To set it up, you must follow the steps in the code snippet below:
# 1. Set the environment variables
import os
os.environ["OPENAI_API_KEY"] = "YOUR_OPENAI_API_KEY_HERE"
os.environ["OPENLAYER_API_KEY"] = "YOUR_OPENLAYER_API_KEY_HERE"
os.environ["OPENLAYER_INFERENCE_PIPELINE_ID"] = "YOUR_OPENLAYER_INFERENCE_PIPELINE_ID_HERE"
# 2. Instantiate the `OpenlayerHandler`
from openlayer.lib.integrations import langchain_callback
openlayer_handler = langchain_callback.OpenlayerHandler()
# 3. Pass the handler to your LLM/chain invocations
from langchain_openai import ChatOpenAI
chat = ChatOpenAI(max_tokens=25, callbacks=[openlayer_handler])
chat.invoke("What's the meaning of life?")
Once the code is instrumented, all your LangChain LLM/chain invocations are automatically published to Openlayer,
along with metadata, such as latency, number of tokens, cost estimate, and more.
If you navigate to the “Data” page of your Openlayer data source, you can see
the traces for each request.
If the LangChain LLM/chain invocations are just one of the steps of your AI
system, you can use the code snippets above together with
tracing. In this case, your LangChain LLM/chain
invocations get added as a step of a larger trace. Refer to the Tracing
guide for details.
After your AI system requests are continuously published and logged by Openlayer, you can
create tests that run at a regular cadence on top of them.
Refer to the Monitoring overview, for details on Openlayer’s
monitoring mode, to the Publishing data guide, for more
information on setting it up, or to the Tracing guide, to
understand how to trace more complex systems.
Development
You can use the LangChain
template
to check out how a sample app fully set up with Openlayer looks like.

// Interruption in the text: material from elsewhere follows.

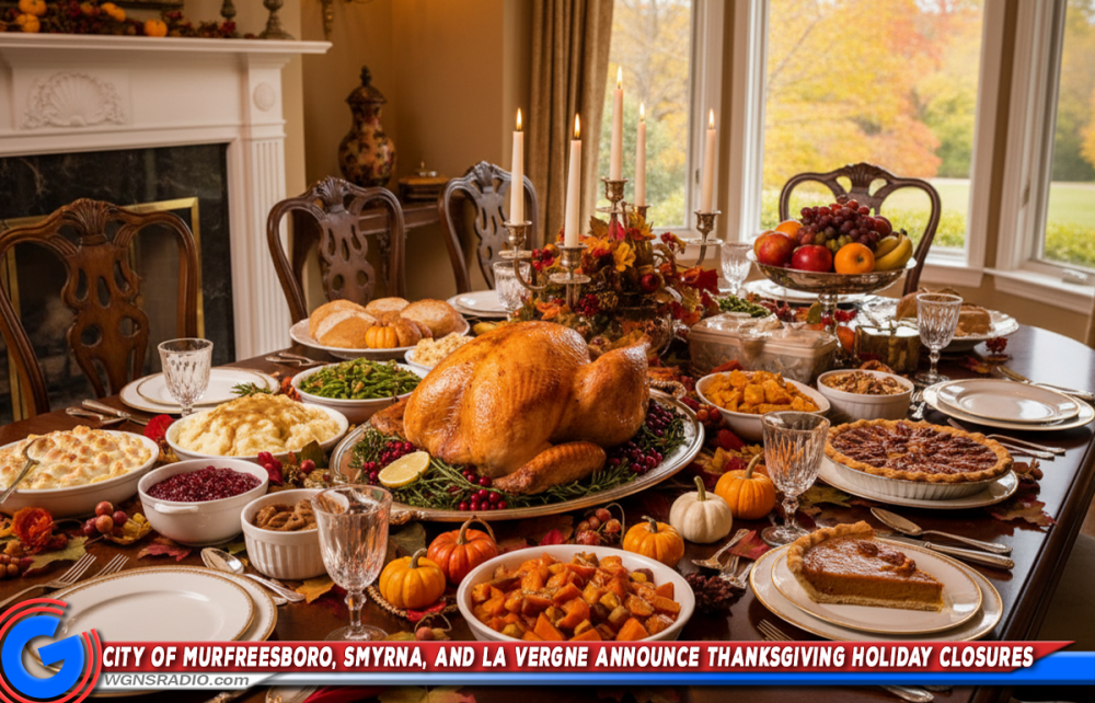 MURFREESBORO, Tenn. – In observance of the Thanksgiving holiday, City Hall and most Murfreesboro city offices will be closed Thursday, Nov. 27, and Friday, Nov. 28, 2025. Below are details on closures and adjusted schedules for city services and facilities. For Smyrna, La Vergne and Rutherford County, Scroll Down.
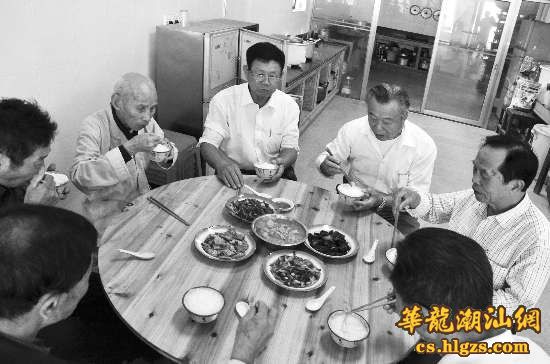 郑会长招呼老人们围坐在一起,老人们相互之间帮忙添饭、夹菜,吃完由活动中心的工作人员收拾、清洁。记者发现,活动中心里这些工作人员也几乎都是头发斑白的老人,只不过看上去比八、九旬的老人家年轻一些。

In development mode, Openlayer becomes a step in
your CI/CD pipeline, and your tests get automatically evaluated after being triggered
by some events.
Openlayer tests often rely on your AI system’s outputs on a validation
dataset. As discussed in the
Configuring output generation guide,
you have two options:
- either provide a way for Openlayer to run your AI system on your datasets, or
- before pushing, generate the model outputs yourself and push them alongside your
artifacts.
For LangChain applications, if you are not computing
your system’s outputs yourself, you must provide the required API credentials.
For example, if you application uses LangChain’s ChatOpenAI,
you provide an OPENAI_API_KEY, if it uses ChatMistralAI,
you must provide a MISTRAL_API_KEY,
and so on.
To provide the required API credentials, navigate to “Workspace settings” -> “Environment variables,”
and add the credentials as variables.
If fail to add the required credentials, you’ll likely encounter a “Missing API key”
error when Openlayer tries to run your AI system to get its outputs.
Advanced callback handler features
The Openlayer LangChain callback handler supports several advanced features for enhanced
observability, including support for:
Asynchronous usage
When using asynchronous usage, make sure you use the AsyncOpenlayerHandler instead of the OpenlayerHandler.
from openlayer.lib.integrations import langchain_callback
openlayer_handler = langchain_callback.AsyncOpenlayerHandler()
Streaming responses
When using streaming, make sure you set stream_usage=True when calling the streaming method.
This way, the Openlayer callback handler is able to capture usage information from the streaming responses.
from langchain_openai import ChatOpenAI
chat = ChatOpenAI(callbacks=[openlayer_handler])
# Streaming with usage tracking
for chunk in chat.stream("Explain quantum computing", stream_usage=True):
print(chunk.content, end="")
# Usage information is automatically logged at the end
You can use a metadata_transformer function to filter, modify, or enrich metadata before it’s logged to Openlayer:
from typing import Dict, Any
def custom_metadata_transformer(metadata: Dict[str, Any]) -> Dict[str, Any]:
# Filter out sensitive fields
filtered = {k: v for k, v in metadata.items() if not k.startswith("_private")}
# Add custom context
filtered["environment"] = "production"
filtered["user_session"] = get_current_session_id()
return filtered
openlayer_handler = langchain_callback.OpenlayerHandler(
metadata_transformer=custom_metadata_transformer
)
Context logging for RAG systems
The handler automatically logs context from retrieval steps and chains containing source_documents, enabling context-dependent metrics:
from langchain.chains import RetrievalQA
from langchain_community.vectorstores import FAISS
from langchain_openai import ChatOpenAI, OpenAIEmbeddings
# Set up a retrieval chain
vectorstore = FAISS.from_texts(texts, OpenAIEmbeddings())
qa_chain = RetrievalQA.from_chain_type(
llm=ChatOpenAI(callbacks=[openlayer_handler]),
chain_type="stuff",
retriever=vectorstore.as_retriever()
)
# Context from retrieved documents is automatically logged
response = qa_chain.run("What is machine learning?")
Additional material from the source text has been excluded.